When a recording reminds, even people who rarely exercise can be persuaded to get off the couch.
Researchers at Stanford University, who studied sedentary people for a year, found that automated exercise reminder phone calls had about the same get-up-and-go power as calls from human counselors.
"The recording had a very nice, kind of cheerleader voice. It sounded very natural," said study participant Rita Horiguchi, who was initially disappointed to be assigned to get computer calls. "She would say things like, 'That's very good. I think you can go a little farther next week.' So I would do a little bit more."'
Horiguchi was one of 218 adults over 55 in the San Francisco Bay area who took part in the study, known as Community Health Advice by Telephone, or CHAT. The goal was to get them out walking at a brisk pace for 30 minutes most days, or engage in some other medium-intense activity, for a total of about 150 minutes a week.

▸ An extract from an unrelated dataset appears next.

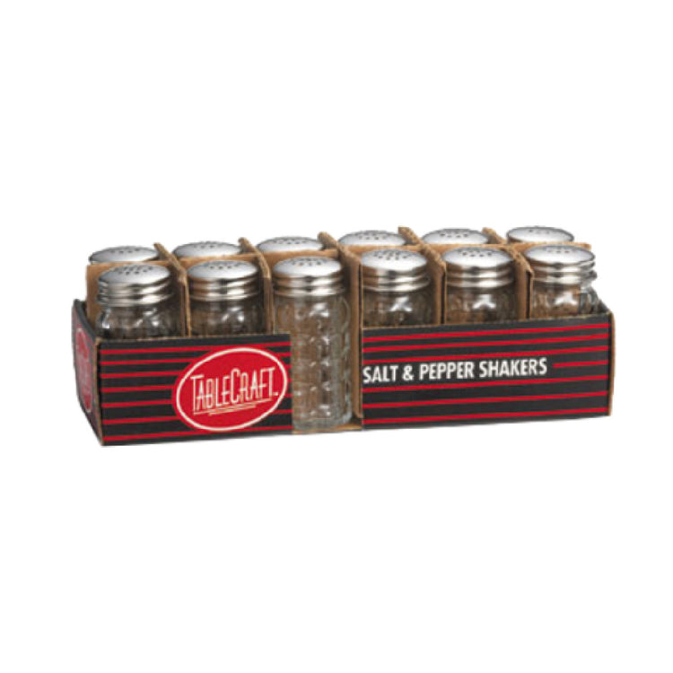 The Tablecraft C163-12 Cash & Carry Salt/Pepper Shaker is a compact and practical solution for both residential and commercial dining settings. Each shaker has a capacity of 1-1/2 oz., ideal for storing and dispensing salt and pepper with ease. Measuring 1-9/16" in diameter and 3-1/8" in height, these shakers boast a sleek and minimal profile, making them perfect for tabletop use where space is a premium. Crafted from nostalgia glass, they present a timeless aesthetic while ensuring durability and ease of cleaning, as they are dishwasher safe. The stainless steel tops add a touch of modern elegance and robust functionality, allowing for smooth dispensing. Available in a display merchandise pack containing 12 shakers, the Tablecraft C163-12 is designed for efficient bulk purchasing, suited to meet the needs of various market segments including restaurants, cafes, and catering services. Note that purchases must be made in multiples of 4 packs, aligning with commercial buying practices. This shaker set not only offers a practical solution for seasoning needs but also enhances the dining experience with its classic design and dependable performance.

The group was divided into three: people who got no calls, people who were called by trained health educators and people who got computer calls. The automated calls were interactive - for instance, asking participants to press "1" if they reached their goals in the previous week - and participants got prerecorded advice on how to overcome challenges.
Exercise levels were measured with devices that estimate physical activity and intensity.
After a year, both of the called groups were topping 150 minutes of exercise a week. Those who got computer calls averaged 157 minute while human-called participants logged an average 178 minutes. The no-call group averaged only 118 minutes.
Results of the study, funded by the National Institute on Aging, are in the current issue of the journal Health Psychology.